The istio-injection label can only be used for revisions and revision tags that have the name default, like the IstioRevisionTag resource in the following example:

Example IstioRevisionTag resource

apiVersion: sailoperator.io/v1
kind: IstioRevisionTag
metadata:
  name: default
spec:
  targetRef:
    kind: Istio
    name: default

#IstioCNI resource

The lifecycle of Istio's Container Network Interface (CNI) plugin is managed separately when using Alauda Service Mesh v2 Operator. To install Istio's CNI plugin, you create an IstioCNI resource.

The IstioCNI resource is a cluster-wide resource as it installs a daemon set that operates on all nodes of your cluster. You can select a version by setting the spec.version field, as you can see in the example that follows.

Example IstioCNI resource

apiVersion: sailoperator.io/v1
kind: IstioCNI
metadata:
  name: default
spec:
  version: v1.28.3
  namespace: istio-cni
  values:
    cni:
      cniConfDir: /etc/cni/multus/net.d # /etc/cni/net.d in ACP 4.0
      excludeNamespaces:
        - istio-cni
        - kube-system

To upgrade the plugin, update the spec.version field.

#Alauda Build of Kiali

Alauda Build of Kiali is based on the Kiali open source project and provides a user-friendly web-based observability interface for Alauda Service Mesh.

#Components

• Kiali Operator: Installs and manages the Kiali Server.
• Kiali Server: Interacts with service mesh components, processes telemetry data, and serves the Kiali console.

#Integration and Dependencies

• Istio: Required. Kiali queries Istio CRDs and telemetry to render the mesh state.
• Prometheus: Required. Used for metrics and mesh topology visualization.
• Alauda Container Platform API: Used to query and resolve relationships among cluster resources (e.g., services, workloads).
• Jaeger and OpenTelemetry: Optional. Enables tracing views in the Kiali console.
• Grafana: Optional. If installed, metrics pages in Kiali link to equivalent Grafana dashboards. Note: Grafana is not officially supported by Alauda Service Mesh.

#Architecture

• Kiali Server: Backend service that queries Prometheus and cluster APIs.
• Kiali Console: Frontend interface that displays telemetry data retrieved by the server.

#Features

• Health: Identifies degraded or unhealthy services, workloads, and applications.
• Topology: Visualizes service interactions and traffic flows in near real time.
• Metrics: Includes default dashboards for supported runtimes (e.g., Go, Node.js, Spring Boot).
• Tracing: Displays trace spans using Jaeger integration.
• Validation: Checks for misconfigurations in Istio resources.
• Configuration: Enables optional creation and editing of routing configurations via a UI wizard or YAML editor.

#Observability in Alauda Service Mesh

#Monitoring

Prometheus or VictoriaMetrics can be deployed to monitor applications participating in the mesh. These components collect metrics related to resource usage, service health, and network behavior.
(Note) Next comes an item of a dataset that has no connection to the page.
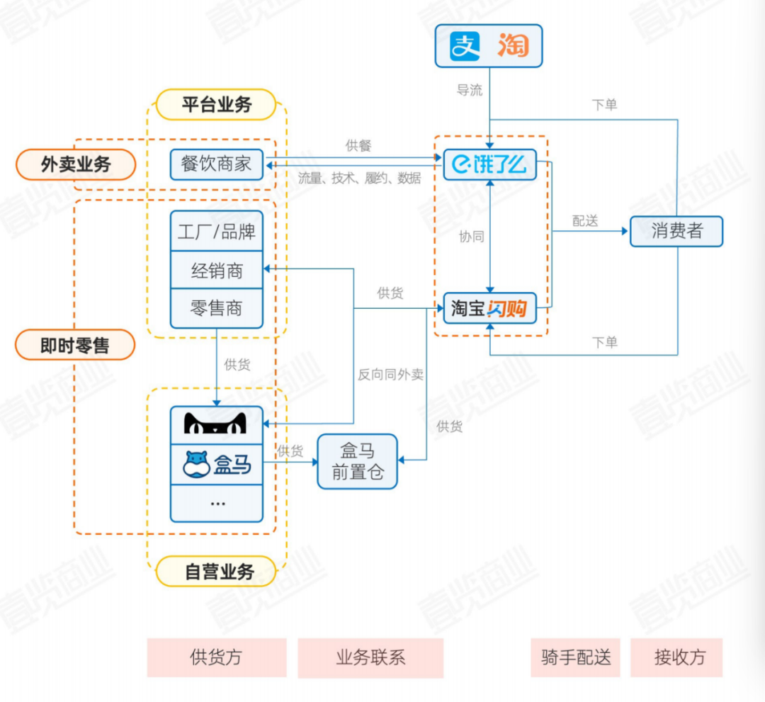 阿里的“外卖+即时零售”模式中,与美团的不同在于自营业务盒马生鲜配有前置仓扩大服务范围。另外,饿了么不仅自身打通了与闪购的联系,支付宝和淘宝首页也可以直接进入闪购和饿了么模块,将即时支付和电商平台的用户导入外卖业务和即时零售。

Custom alerts and dashboards can be configured to observe CPU, memory, and networking characteristics of workloads.

#Distributed Tracing

Alauda Service Mesh supports distributed tracing through integration with:

• Alauda Build of Jaeger Based on the Jaeger project, this component visualizes end-to-end request flows and latency across microservices.

• Alauda Build of OpenTelemetry Based on the OpenTelemetry project, this component simplifies telemetry data collection and forwarding.

The OpenTelemetry Collector supports data ingestion in multiple formats, processes telemetry data (traces, metrics, logs), and forwards them to storage or visualization backends. See the OpenTelemetry Collector documentation for more details.

Tracing views in Kiali are enabled when tracing features are configured and the user has access to the relevant namespaces.